佩玖小时候,他爸爸就是个目的性,导向性都很强的人,任何事,只要跟考试和成绩无关,佩玖一旦接触了,就会被批评不务正业,说她尽干些没用的事儿。爸爸妈妈吵架,一开始佩玖会站在妈妈这边,到渐渐长大一点后,她发现妈妈跟爸爸也不过是一丘之貉,——都常是发些无来头的莫名脾气,就不再站队了,随他们去吵。她总觉得在这个家里她是多余的,别的小朋友所经历的那些童年趣事她一点也没尝到,别的小朋友得到爸妈的尊重,可以拥有一些看起来毫无用处却能让生命尽性舒展的兴趣爱好,而她则不能,她的世界里只有读书成才,然后回报父母,光宗耀祖。
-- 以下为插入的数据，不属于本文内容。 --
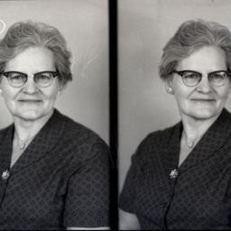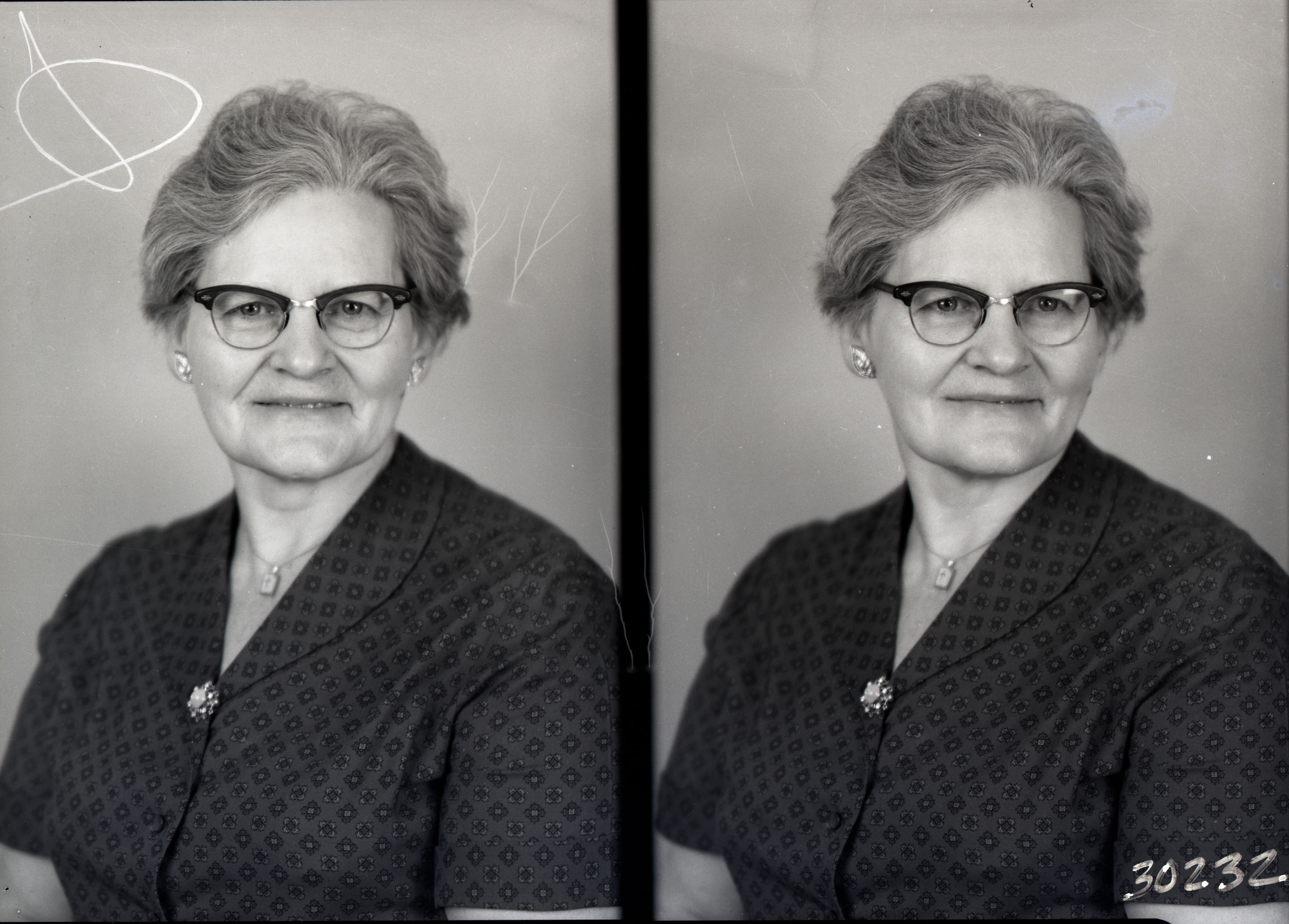 Photo of two separate portrait photographs of an unidentified older woman with glasses and wearing her hair pulled back.
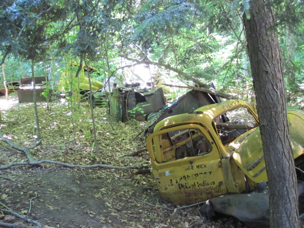 Morning three we packed up and cushioned my blistered feet with some mole skin that Tim had thought to bring. Our goals was to head north east to the inland Lake Manitou & make camp. Along the way we stopped to explore an old logging camp that has some very old ‘cars’ being reclaimed by the forest. At one time there was a small farming and logging community on the island. There are still a few old buildings falling down that you stumble upon from time to time, an old barn, an old dock, an old orchard that still produces apples, and the occasional rusted tool in the woods like the old shovel we came across.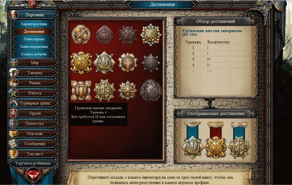 Это достижения вашего героя. Изображены в виде медалей, которые вы сможете разместить в его профиле: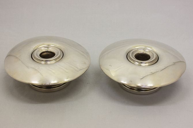 A pair of silver table candlesticks, maker Cohen and Charles, London 1966 with lift out candle holders and sloping circular wide rims on short bases, 10oz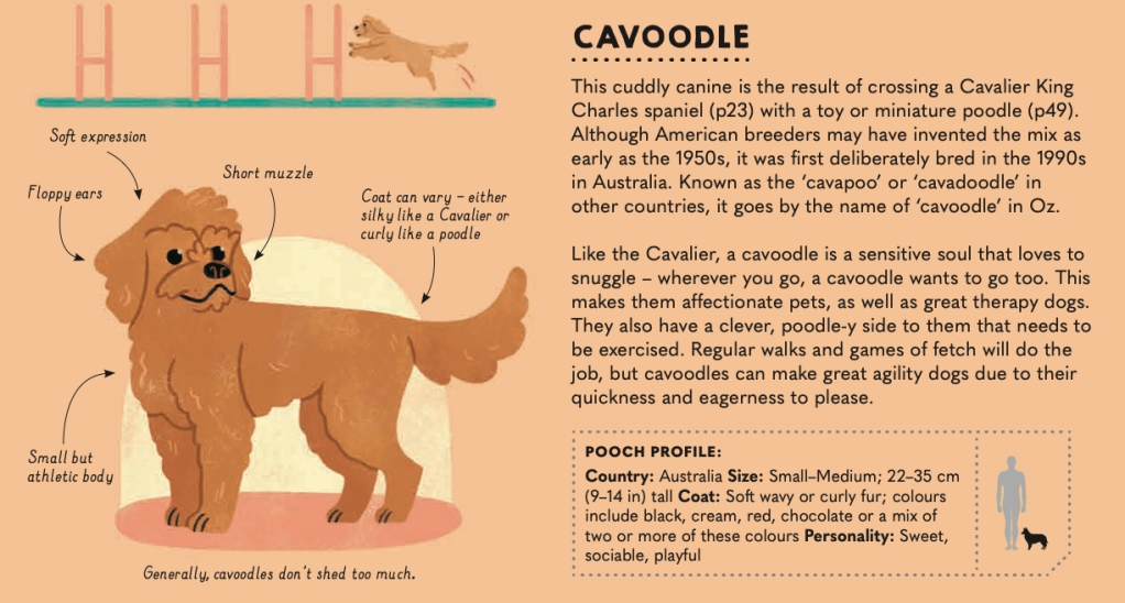 Some dogs, as many of you are undoubtably aware, are purposely crossbred into designer combinations. Under the heading CUTE CROSSBREEDS AND MARVELOUS MIXES, readers are introduced to Boradors – a mix between a Labrador and a Border Collie- and the adorable and playful Cavoodle (my next dog), a mix between a Cavalier King Charles Spaniel and a Miniature or Toy Poodle.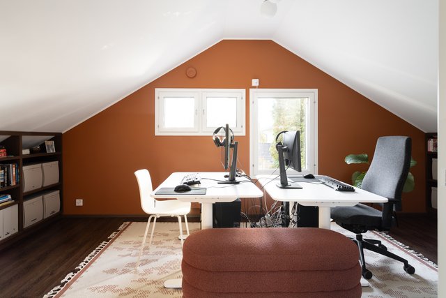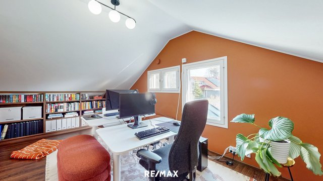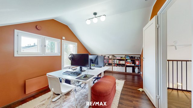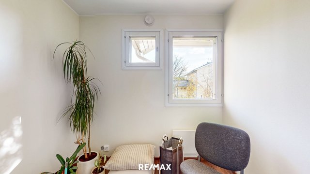 - Makuuhuoneita asunnossa yhteensä neljä isompaa, yksi pieni viher/työ huone sekä alakerrassa toinen olohuone (takkahuone) mahdollisuus tehdä lisä makuuhuone.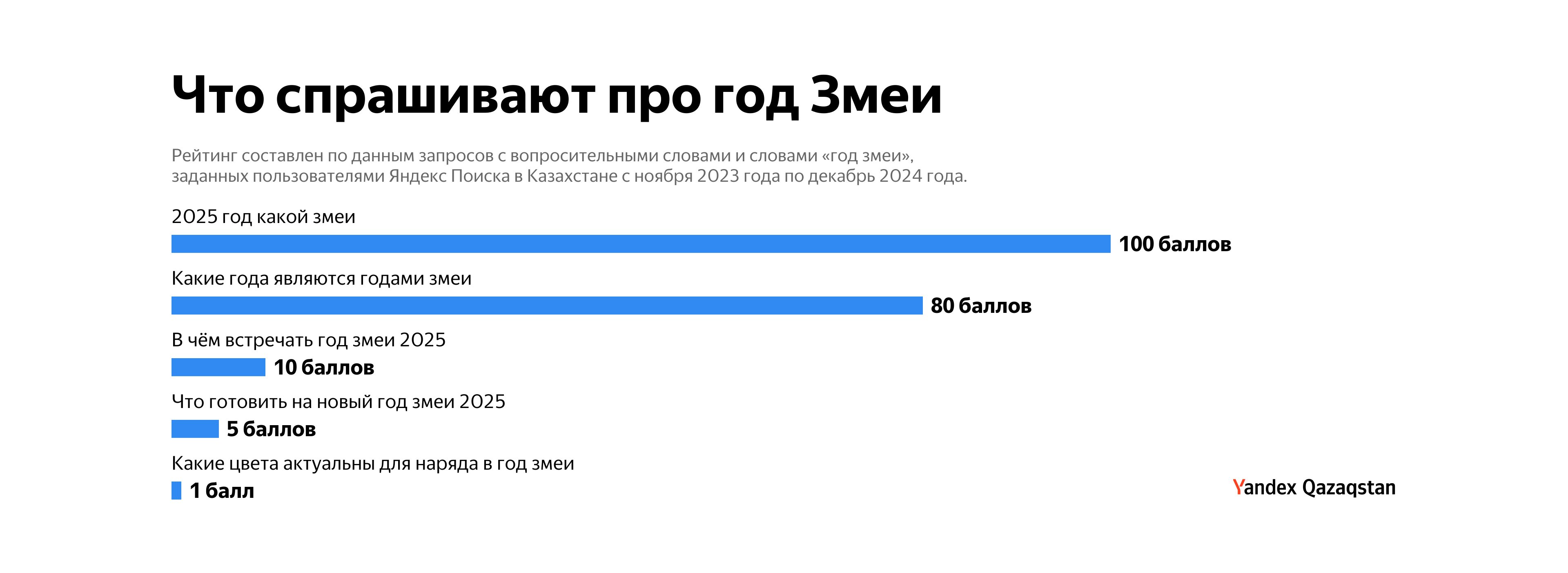 Самые популярные вопросы казахстанских пользователей в Поиске Яндекса — какая именно змея является символом наступающего года и какие ещё годы называются годами Змеи. Пользователи также интересуются подготовкой к празднованию наступающего года Змеи — спрашивают, что надеть и какие угощения приготовить к празднику. В топ-5 вошёл и другой вопрос про гардероб — какие цвета одежды будут актуальны в год Змеи.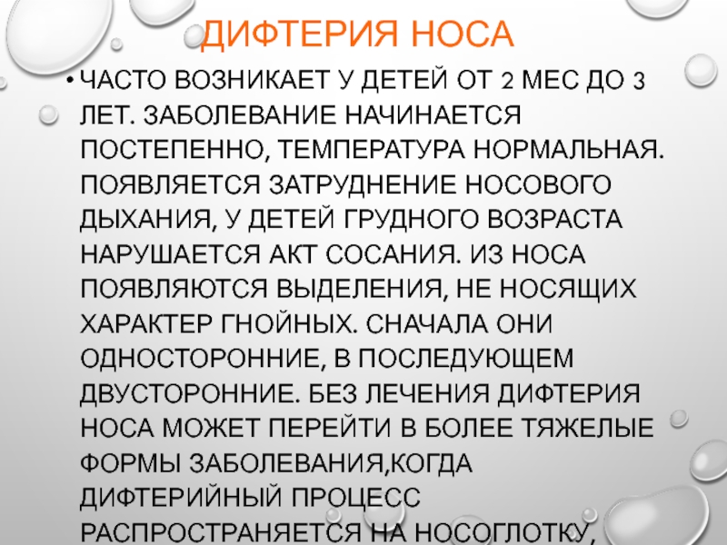 у детей грудного возраста нарушается акт сосания. Из носа появляются выделения, не носящих характер гнойных. Сначала они односторонние, в последующем двусторонние. Без лечения дифтерия носа может перейти в более тяжелые формы заболевания,когда дифтерийный процесс распространяется на носоглотку, гортань.

到了谈朋友的年龄,自己识人不准,看重的不是彼此相吸的真的爱情,而总是去寻找童年所缺少的那份想被保护,依赖,以及说不清楚具体内容的某种虚无的安全感。
有一段感情中,一个男孩子就坦白地跟她说他没义务去做那些本该是她父母小时候就该为她做的那些,当时她听后还骂那男的没良心,到日子长了,她再回过去想,才旷然觉得别人的话也不是全没道理,他愿意去帮你弥补童年的缺失是他的情分,说明他是真的爱你,他不那样也是没有什么过错的,一般人的爱皆如此,毕竟,假如他跟其他正常在不缺爱与尊重的家庭中长大的女子谈恋爱,他根本也不需要那样。